In a pre-Budget speech last week, Robertson revealed the Government was shifting from a debt target to a range.
From 2021, instead of targeting core Crown debt at 20 per cent of GDP, the Government would target a range – between 15 and 25 per cent.
That's a variation of $15 billion in either direction.
Keeping net debt at 20 per cent of GDP is one of the Government's Budget Responsibility Rules (BRRs), agreed to when Labour was in Opposition.
Another rule was to keep Core Crown spending – essentially how much money the Government spends – at "around 30 per cent" of GDP.
Today, Robertson said the Government would "take another look" at this rule.
He said when the rules were created, they were not done with the Wellbeing Budget in mind.
"We now have a budget process where we are looking at a wider set of indicators of success – not just looking at GDP growth; we're looking at the success of people, and how they go in education and health, our environment and the strength of our communities.

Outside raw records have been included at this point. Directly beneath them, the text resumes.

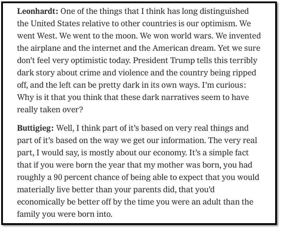 I will break down a few segments of this interview considering what Buttigieg and his interviewer have to say or are leaning into: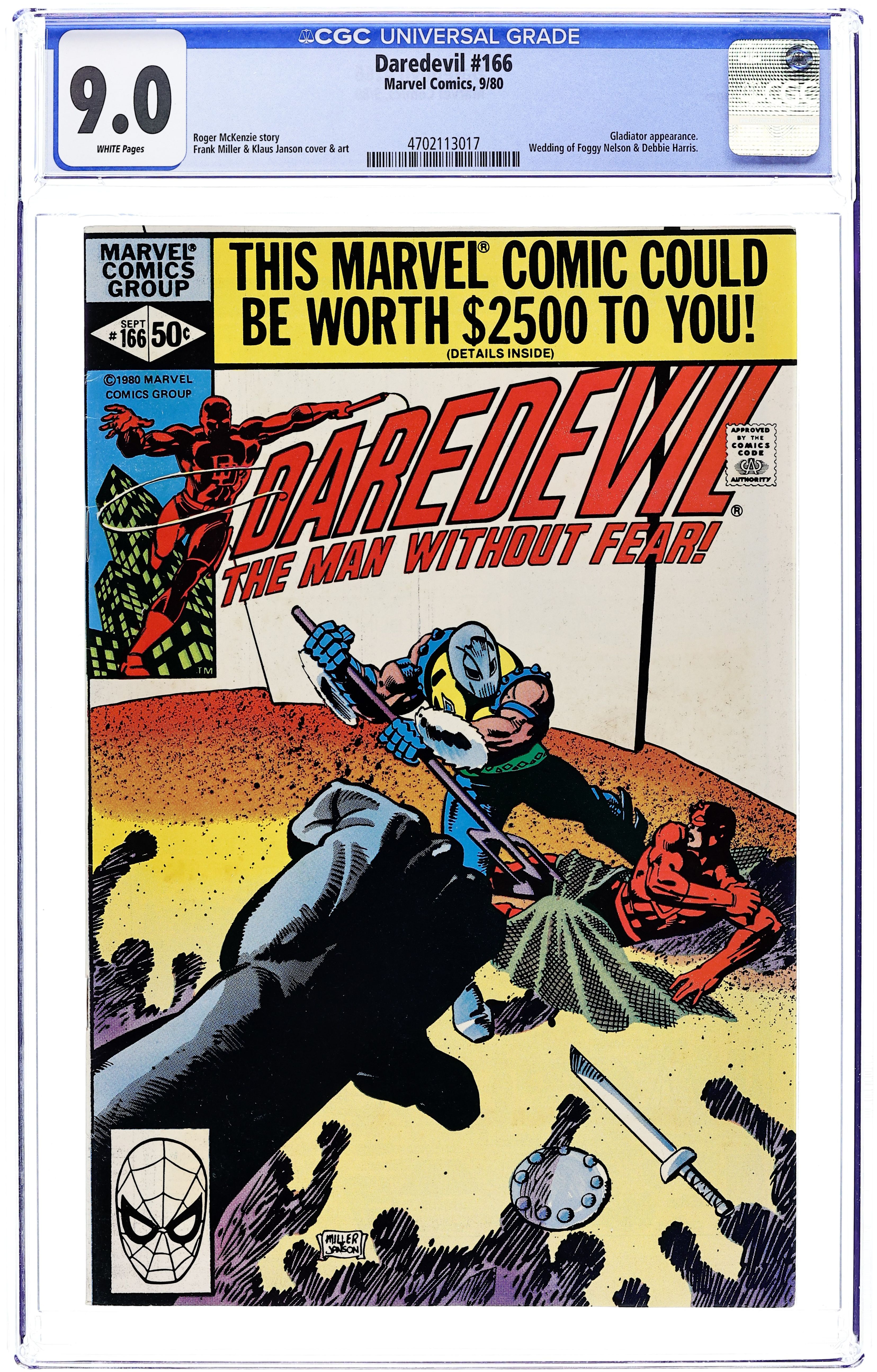Starts Apr 27 Direct Edition. First 50-cent cover price. Cover pencils by Frank Miller, inks by Klaus Janson. Till Death Do Us Part!, script by Frank Miller (plot) and Roger McKenzie (plot, script), pencils by Frank Miller, inks by Klaus Janson; the Gladiator holds a group of kids hostage in a museum, and DD has to take him down in time to make it to Foggy's wedding; cameos by the Rhino, the Scorpion, Leap-Frog, Mysterio, the Masked Marauder, the Beetle, and the Melter (as statues in a museum), plus Spock (as a wall poster). Next issue teaser is for Daredevil and The Punisher, which got pushed back to #183 due to Comic Code complications as the story involved drugs. 36 pgs. Cover price $0.50. Cover price $0.50. Grade: CGC 9.0 explanation of grade Condition: Used (collectible)
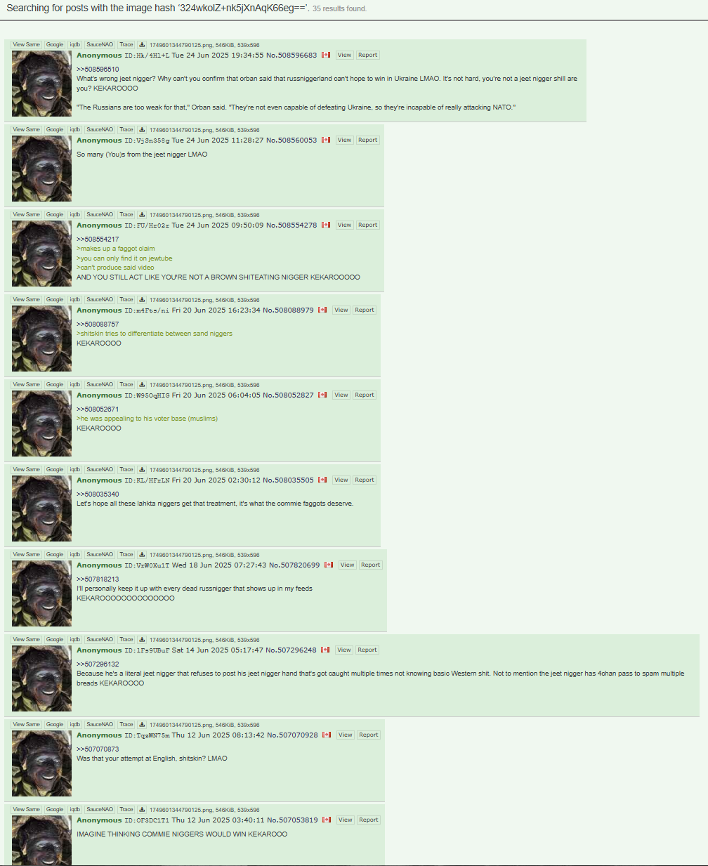 >>522406797The best part is if no one engages with him, he'll still have to spam the wall, because it's part of his nigger script KEKAROOOpro-russnigger = brownp.s: romanigger got caught posting fag nigger porn....again.https://archive.4plebs.org/pol/thread/522316991/#q522332975

"All of those things mean we have to take a step back and say 'do these rules still work for the kind of Budgets that we're producing?'"
Robertson said they were "self-imposed rules" that "were not written in stone".
Other BRR rules include a commitment to deliver a "sustainable operating surplus across an economic cycle," and to "prioritise investments to address the long-term financial and sustainability challenges facing New Zealand".
The Government has always said it would reassess the BRRs before the 2020 election and let voters know if they still planned on implementing the same rules.
Ardern said today that although how the Government was targeting its debt level had changed, it was still committed to being "fiscally disciplined" in the future.